MANILA, Philipines — Debt watcher Fitch Ratings affirmed the Philippines' investment grade rating on Thursday, in a nod to the Duterte administration's strides towards economic recovery from pandemic fallout but remained wary of the fiscal cost of the government's pandemic response.
Fitch Ratings kept the sovereign's "BBB" rating while assigning a "negative" outlook, which meant the hard-earned credit rating that the Duterte administration has long tried to protect by limiting pandemic spending could be downgraded over the next 18 to 24 months.
Despite that, the Bangko Sentral ng Pilipinas noted in a statement on Friday that the country has maintained the same rating from Fitch throughout the coronavirus pandemic, despite a slew of rating downgrades for other countries throughout the crisis.
"[Philippine economic recovery] should be supported by a pick-up in vaccination rates (92% of 54 million target individuals had been fully vaccinated as of December 2021), falling COVID-19 infection numbers, normalized economic activity – particularly in services – after tight containment measures in 2020 and part of 2021. The fiscal and monetary policy response, strong infrastructure spending and resilient remittances and exports are also boosting the recovery," the BSP said.
The Philippine economy grew 5.6% in 2021 considering that the economy suffered from waves of infections and mobility restrictions. The shift to granular lockdowns in the latter part of the year cushioned the economic damage from economic restrictions, but other rating agencies are still wary of economic scarring as a result of the downturn.
"The government has accommodated the huge cost of COVID-19 crisis response to help vulnerable sectors survive and recover from the crisis, largely because of President Duterte’s comprehensive tax reform program and his policy of prudent fiscal management and discipline," said Finance chief Carlos Dominguez.

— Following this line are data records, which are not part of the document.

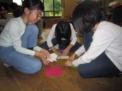 紙飛行機飛ばして,輪に何回で入れられるかを競います。
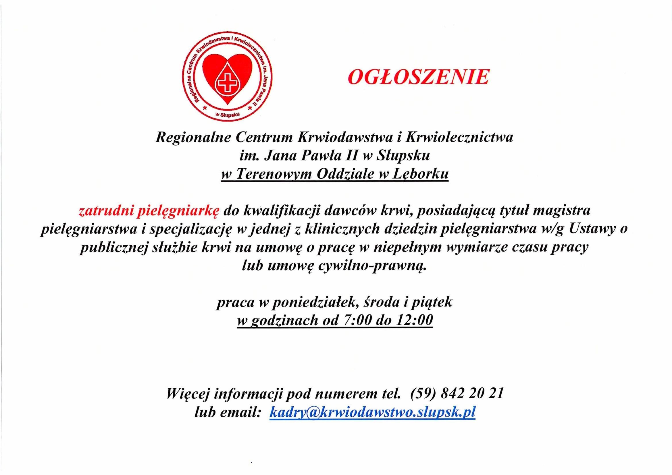 Regionalne Centrum Krwiodawstwa i Krwiolecznictwa w Słupsku zatrudni lekarza i pielęgniarkę. Oferta dotyczy pracy w Terenowym Oddziale RCKiK w Lęborku.
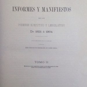 INFORMES Y MANIFIESTOS DE LOS PODERES EJECUTIVO Y LEGISLATIVO. DE 1821 A 1904. TOMO II.
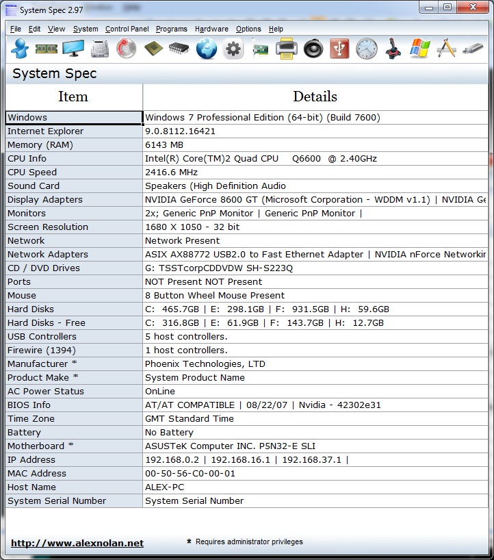 System Specs è un programma gratuito e leggero, che non richiede installazione, che vi permette di visualizzare tutte le informazioni e specifiche tecniche su un pc.
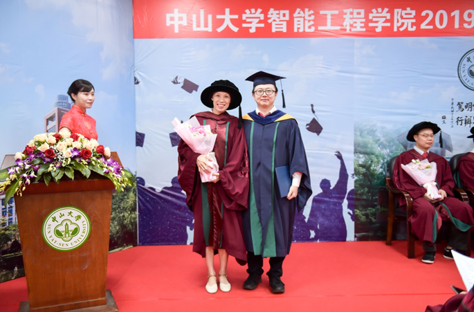 在《山高水长》悠扬的乐曲声中,2019年学位授予仪式正式开始,毕业生逐一走向主礼台,副院长(主持工作)蔡铭教授为获得学位的毕业生拨穗并颁发学位证书。毕业生受礼完成后向导师献花,感谢导师的培养和指导。仪式庄重而温馨,观礼的师生代表和毕业生亲友都倍受感染,并为毕业生们学业有成而欣喜激动。
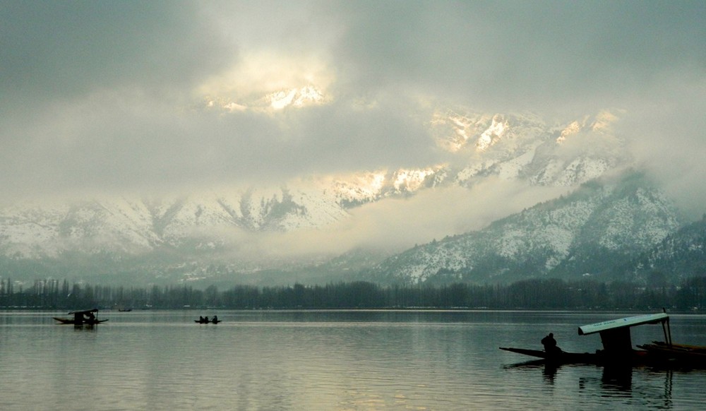 The Dal Lake towards the end of the season of frost, when the snows begin to melt and Srinagar readies for tourists.
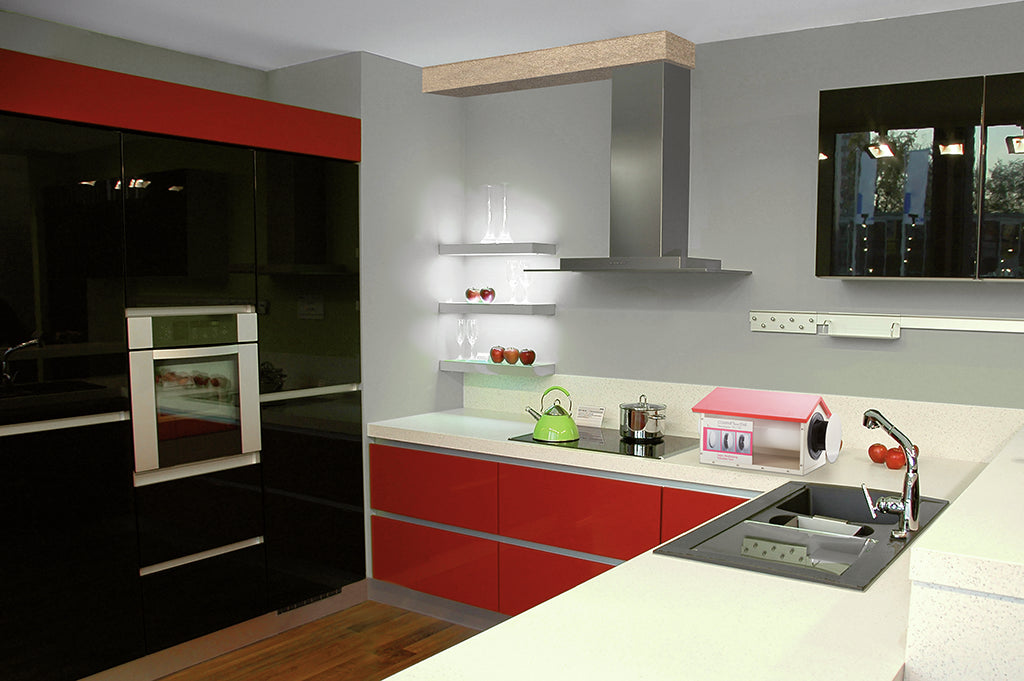 Die COMPAIR® Abluftverkleidung ermöglicht eine elegante Führung des Abluftkanals als flexible Wandlösung. Dabei lässt sich die Verkleidung individuell durch Tapete oder Farbe gestalten. Somit kann sie harmonisch der Einrichtung angepasst werden. Zusätzlich lässt sie sich mit Einbauleuchten bestücken für eine Akzentbeleuchtung in der Küche. Die Luftkanal-Abdeckung besteht aus einer 16 mm starken Spanplatte, die verleimt und beidseitig mit Dübelbohrungen ausgestattet ist. Dabei weist jedes 100 cm lange Element ein gedübeltes Endstück auf. Somit ist eine Reihenbauweise von beliebiger Länge möglich. Die Verkleidung ist in kantiger L-Form gehalten und für alle COMPAIR® Luftkanalsysteme geeignet. Dank des Querschnitts von 220 x 300 mm kann sie gleichermaßen Flachkanäle oder Rundrohre mit einem Übergang zum Mauerkasten aufnehmen. Zum Lieferumfang gehört ebenfalls eine Endkappe. Für eine unkomplizierte Montage werden die zugehörigen Rechteckleisten an Wand und Decke befestigt. Sie dienen zur Aufhängung der L-Verkleidung.
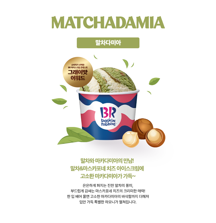 말차와 마카다미아의 만남! 말차&마스카포네 치즈 아이스크림에 고소한 마카다미아가 가득~
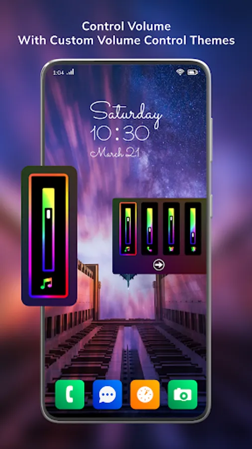 Get new look to your volume panel with stylish designed volume bar operator. They are sure to stand out and make using volume control settings very interesting. Many theme designed volume panels that you can select. Get operators for Music Volume, Call Volume, Alarm Volume, System Volume, Ringtone Volume from pop-up window.
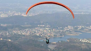华伍村四峰山生态农庄(左)与游客滑翔伞飞行(右)
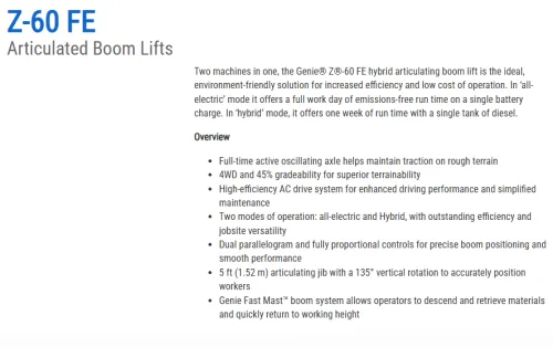 This piece of industrial equipment is in top-notch condition, promising durability and reliability for years to come. It has been meticulously maintained, with regular oil changes, routine maintenance, and thorough inspections. The 230-hour runtime reflects a machine that has been lightly used, and the hybrid diesel and electric power systems are in excellent operating condition. The 4WD functionality has been tested and proven to perform efficiently on various terrains, and the high platform and working height features are fully operational. All safety features and controls are in perfect working order, ensuring a safe and efficient working environment.
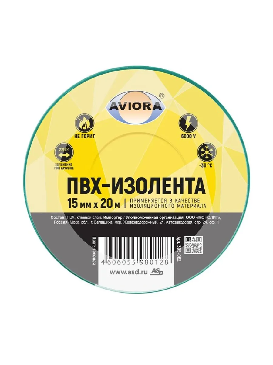 | Наименование | Изолента ПВХ зеленая 15x0.13мм 20м AVIORA |
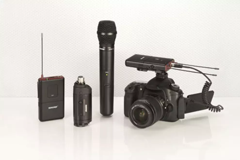 Shure's new FP Wireless System is going to find a happy home on many video cameras, especially with the advent of DSLRs – the latest media-capturing miracle, a camera that also doubles as a video recorder. One of the problems with point-and-shoot video is that there are too many changes in the soundtrack that basically don't work. The solution is simple: find a way to get the sound of a stationary mic into the recording device that's attached to your video camera. There are, however, two problems – power and weight. A typical wireless mic is a box weighing a kilogram or two and is inappropriately large for modern video cameras. Additionally, it needs power and the camera is usually mobile and you don't want to be shooting with the constraints of a power cable and some tech guiding you through 100 drunken patrons while you stumble to the ground. In the FP Wireless system, there are two options. Option one is two small cases modelled on the Shure SLX beltpacks, one the transmitter and the other the receiver. The receiver has several mounting options. The receiver only weighs 81 grams and two double AA batteries will get you out of trouble either end. Option two lets you attach a small transmitter to any conventional dynamic mic. In this way you have instant wireless mic without any extra expense. The wireless system features automatic channel selection and everything that needs adjusting is pretty straightforward.

The Duterte administration has spent over $30 billion to bankroll its pandemic response, sending debt levels slightly above manageable per the latest data. In 2022, the national government signed a P5.2 trillion national budget, higher by 11% compared to its 2021 version.
Fiscal cost and 2022 elections pose risks
Fitch Ratings remained wary of the country's uncertain economic recovery. The debt watcher noted effects of potential economic scarring from the pandemic, the risk of new virus variant sprouting up and the results of the May elections, which could spell uncertainty for the country's fiscal and economic strategy.
As the debt watcher sees it, unwinding stimulus measures pose certain risks. The country's credit ratings face downgrades if the national government fails to reduce its debt to gross domestic product ratio, which currently stood at 60.5%, raising questions on its ability to pay back creditors.
Fitch was also quick to point out the ratings still reflected the Duterte administration's shortcomings, such as governance.
"Philippines' rating balances strong external buffers and growth against lagging structural indicators, including per capita income and governance. It also reflects weak government revenue mobilisation compared with peers and government debt/GDP that rose sharply from pre-Covid-19 pandemic levels but is forecast to stay close to the 'BBB' median over the next few years," Fitch said.
The Duterte administration coveted an "A" rating by 2022 before the public health crisis derailed its plans.
Despite its outlook, Fitch expects economic growth in the country to accelerate 6.9% this year and 7% in 2023.